Rauh C, Hack C C, Häberle L, Hein A, Engel A, Schrauder M G, Fasching P A, Jud S M, Ekici A B, Loehberg C R, Meier-Meitinger M, Ozan S, Schulz-Wendtland R, Uder M, Hartmann A, Wachter D L, Beckmann M W, Heusinger K
Department of Gynecology and Obstetrics, University Hospital Erlangen, Erlangen.
Institute of Human Genetics, Friedrich-Alexander University Erlangen-Nuremberg, Erlangen.
Geburtshilfe Frauenheilkd. 2012 Aug;72(8):727-733. doi: 10.1055/s-0032-1315129.
Mammographic characteristics are known to be correlated to breast cancer risk. Percent mammographic density (PMD), as assessed by computer-assisted methods, is an established risk factor for breast cancer. Along with this assessment the absolute dense area (DA) of the breast is reported as well. Aim of this study was to assess the predictive value of DA concerning breast cancer risk in addition to other risk factors and in addition to PMD. We conducted a case control study with hospital-based patients with a diagnosis of invasive breast cancer and healthy women as controls. A total of 561 patients and 376 controls with available mammographic density were included into this study. We describe the differences concerning the common risk factors BMI, parital status, use of hormone replacement therapy (HRT) and menopause between cases and controls and estimate the odds ratios for PMD and DA, adjusted for the mentioned risk factors.
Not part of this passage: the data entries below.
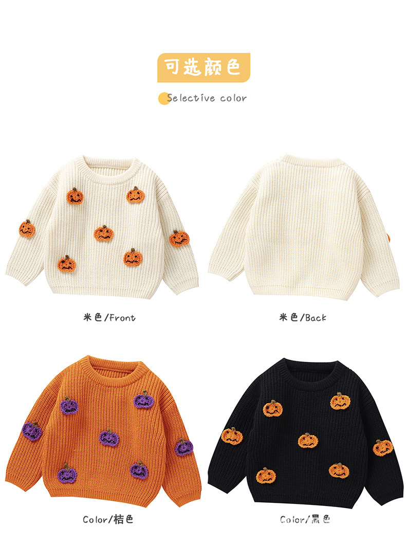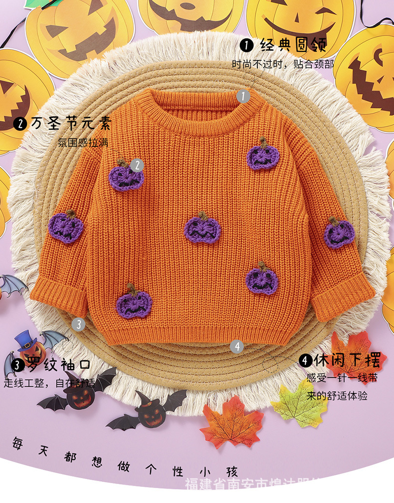 Ins 뜨거운 판매 가을, 겨울 새로운 스타일 유아 할로윈 입체 호박 패턴 니트 탑 남성과 여성 베이비 스웨터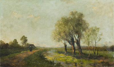 Holländische Landschaft mit Kanal und Bauersfrau auf dem Deichweg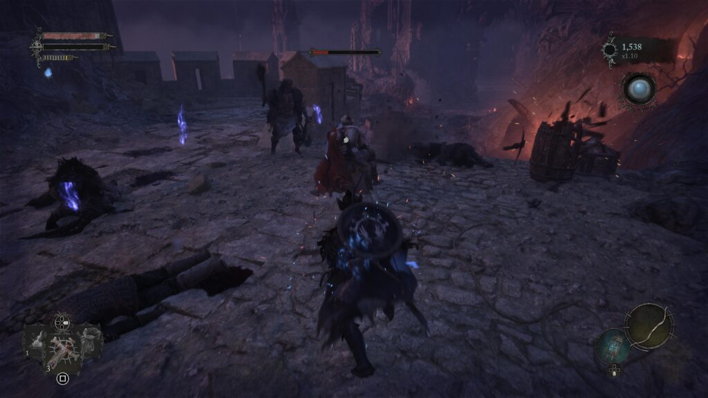 The game uses all the classic Soulslike tropes. People familiar with the genre will immediately feel at home in the dark setting of Lords of the Fallen. You’ll wander around Mournstead and recognize the classic spots enemies will be hiding in no time because you’ve played it already in the classics. Levelling up your character in this game is done at a “vestige”. Essentially a well-placed save point between hard areas. Sometimes these vestiges seem unreachable and as is always with these games, you’ll die a lot in trying to get to them. A vestige seed is introduced to grant you the ability to grow a temporary vestige in order to make the journey a bit more doable – or make the loss in progress a bit less painful.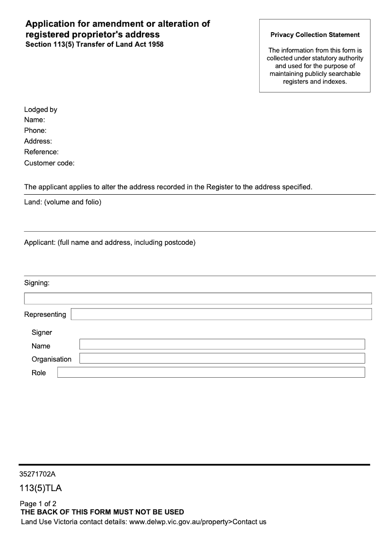 Application for amendment or alteration of registered proprietor's address (Section 113(5) Transfer of Land Act 1958)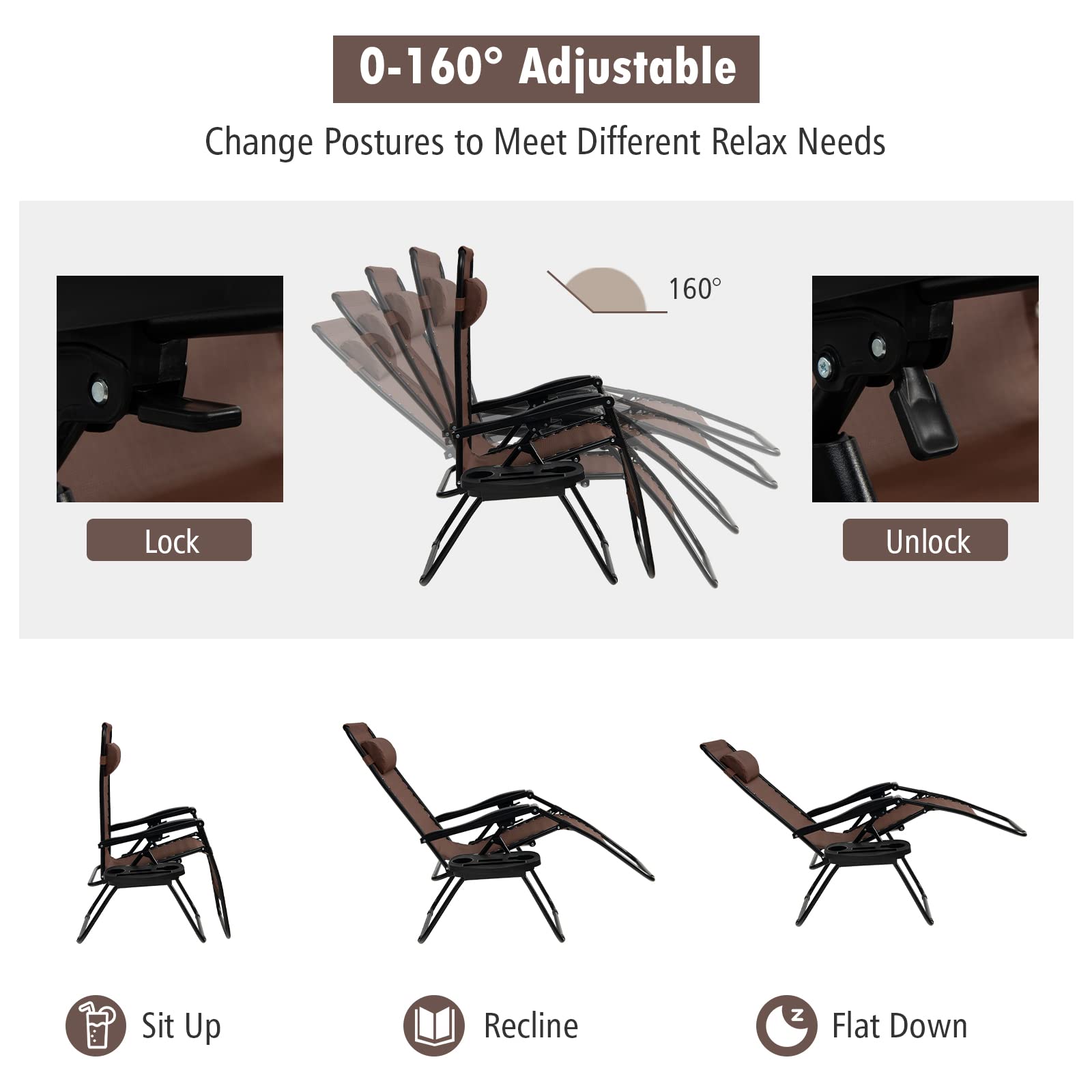 Tangkula Zero Gravity Chair, Folding Patio Lounge Chair Adjustable Outdoor Recliner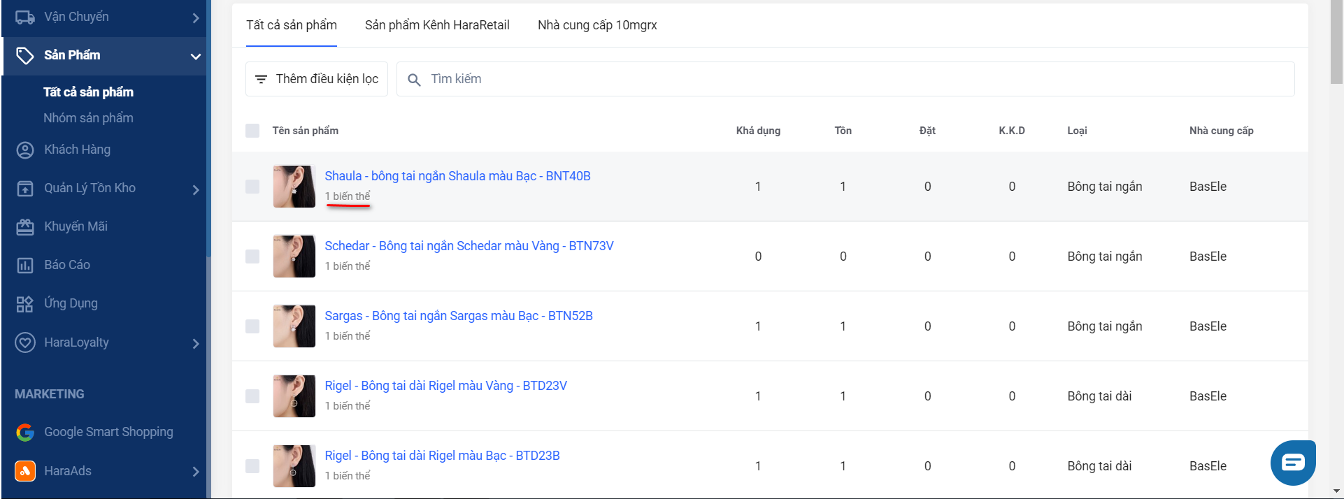 Bạn có thể biết được sản phẩm có bao nhiêu biến thể ở phần số lượng biến thể của sản phẩm tại tại Trang quản trị → Sản phẩm → Tất cả sản phẩm.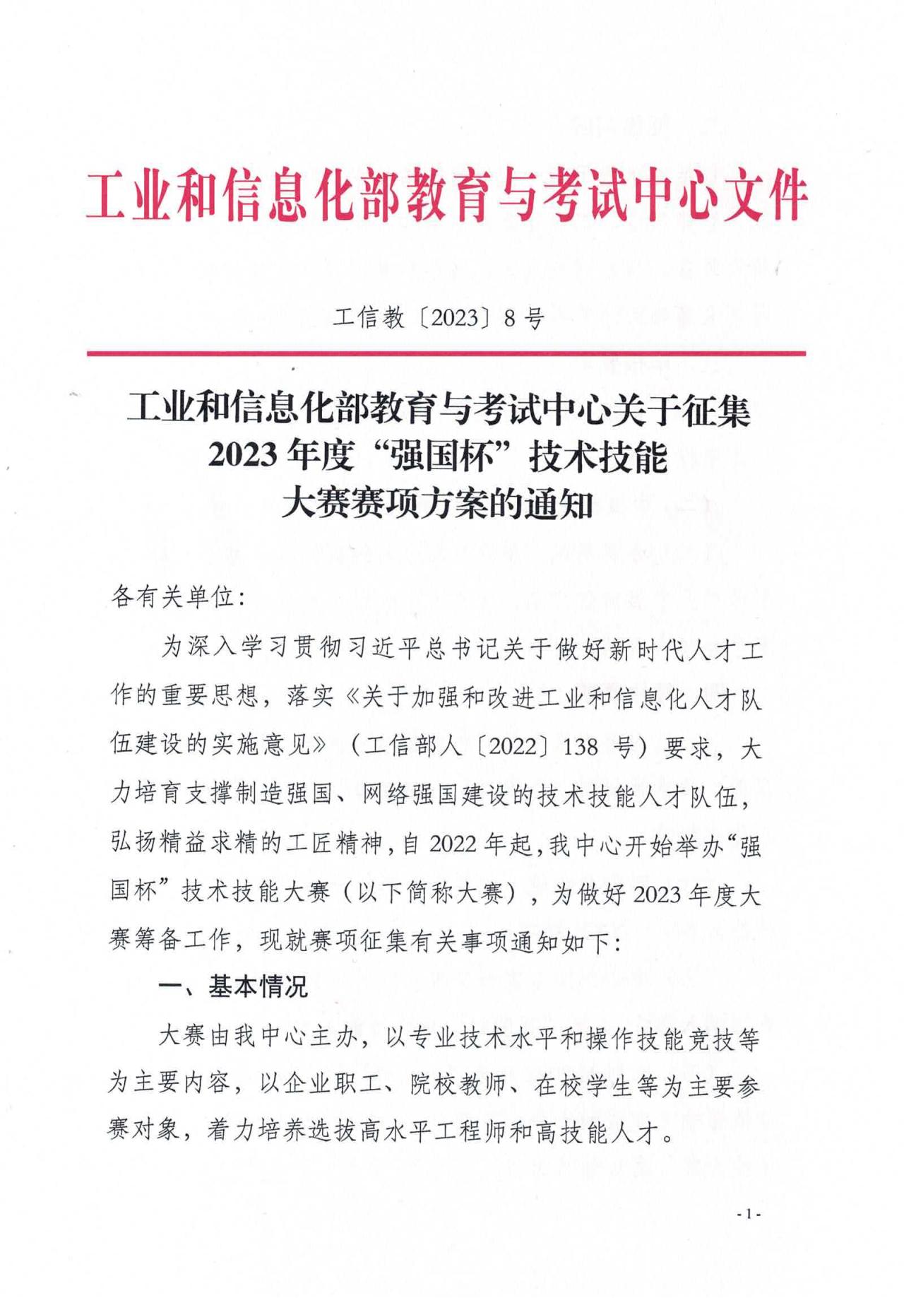 工業(yè)和信息化部教育與考試中心關(guān)于征集2023年度“強(qiáng)國(guó)杯”技術(shù)技能 大賽賽項(xiàng)方案的通知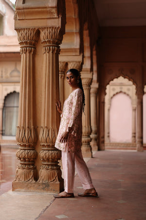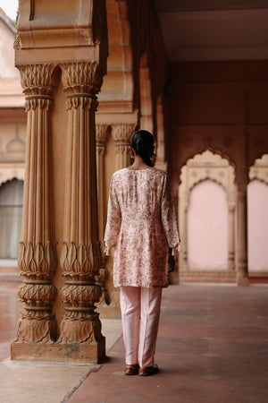 Pink Dupion Silk Printed and Embroidered Short Kurta Set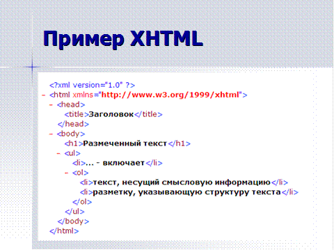 XHTML (Hyper Text Markup Language) – это подмножество языка XML, язык разметки гипертекста. Гипертекст содержит информацию о внутренних взаимосвязях. Примеры гипертекста: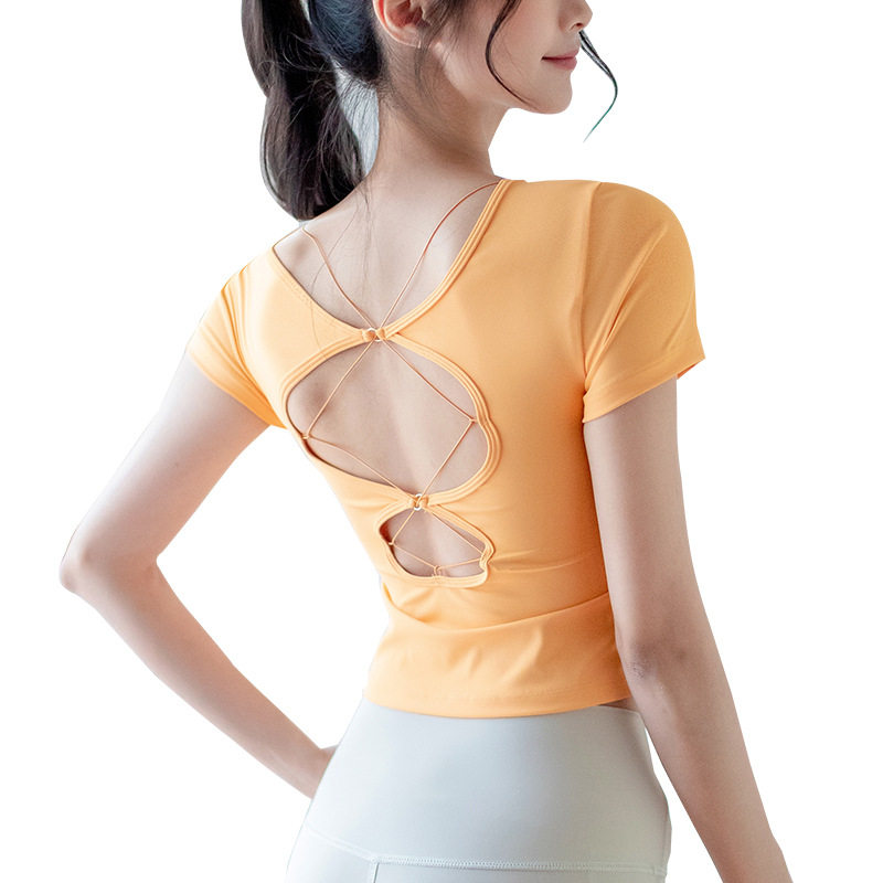 新款运动上衣女瑜伽服速干高弹美背镂空健身服跑步带胸垫圆领短袖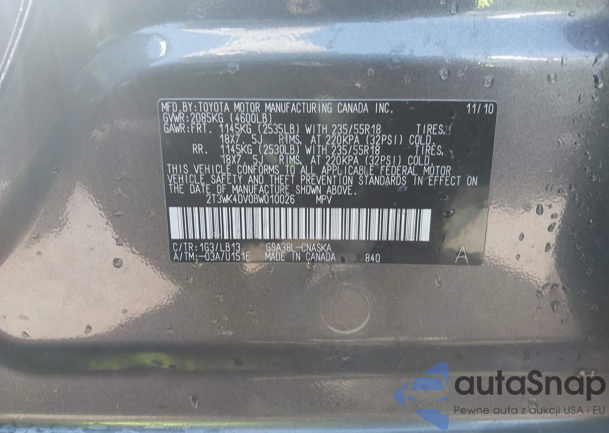LOT: 43159281 VIN: 2T3WK4DV0BW010026

Furthermore we compare the prediction models with each other to find out whether the addition of DA improves the model. Mammographic density and DA were highly correlated with each other. Both variables were as well correlated to the commonly known risk factors with an expected direction and strength, however PMD (ρ = -0.56) was stronger correlated to BMI than DA (ρ = -0.11). The group of women within the highest quartil of PMD had an OR of 2.12 (95 % CI: 1.25-3.62). This could not be seen for the fourth quartile concerning DA. However the assessment of breast cancer risk could be improved by including DA in a prediction model in addition to common risk factors and PMD. The inclusion of the parameter DA into a prediction model for breast cancer in addition to established risk factors and PMD could improve the breast cancer risk assessment. As DA is measured together with PMD in the process of computer-assisted assessment of PMD it might be considered to include it as one additional breast cancer risk factor that is obtained from breast imaging.
已知乳腺钼靶特征与乳腺癌风险相关。通过计算机辅助方法评估的乳腺钼靶密度百分比(PMD)是已确定的乳腺癌风险因素。在进行此项评估时,还会报告乳房的绝对致密面积(DA)。本研究的目的是评估除其他风险因素以及PMD之外,DA对乳腺癌风险的预测价值。我们对以医院为基础的浸润性乳腺癌患者和健康女性作为对照进行了病例对照研究。本研究共纳入了561例患者和376例有可用乳腺钼靶密度数据的对照。我们描述了病例组和对照组在常见风险因素体重指数(BMI)、生育状况、激素替代疗法(HRT)的使用和绝经方面的差异,并估计了经上述风险因素调整后的PMD和DA的优势比。此外,我们相互比较预测模型,以确定添加DA是否能改善模型。乳腺钼靶密度和DA彼此高度相关。这两个变量与常见风险因素的相关性也符合预期的方向和强度,然而PMD(ρ = -0.56)与BMI的相关性比DA(ρ = -0.11)更强。PMD最高四分位数组的优势比为2.12(95%可信区间:1.25 - 3.62)。DA的第四四分位数组未观察到这种情况。然而,除了常见风险因素和PMD外,将DA纳入预测模型可以改善乳腺癌风险评估。除了既定风险因素和PMD外,将参数DA纳入乳腺癌预测模型可以改善乳腺癌风险评估。由于在计算机辅助评估PMD的过程中DA与PMD一起测量,因此可以考虑将其作为从乳腺成像中获得的另一个乳腺癌风险因素。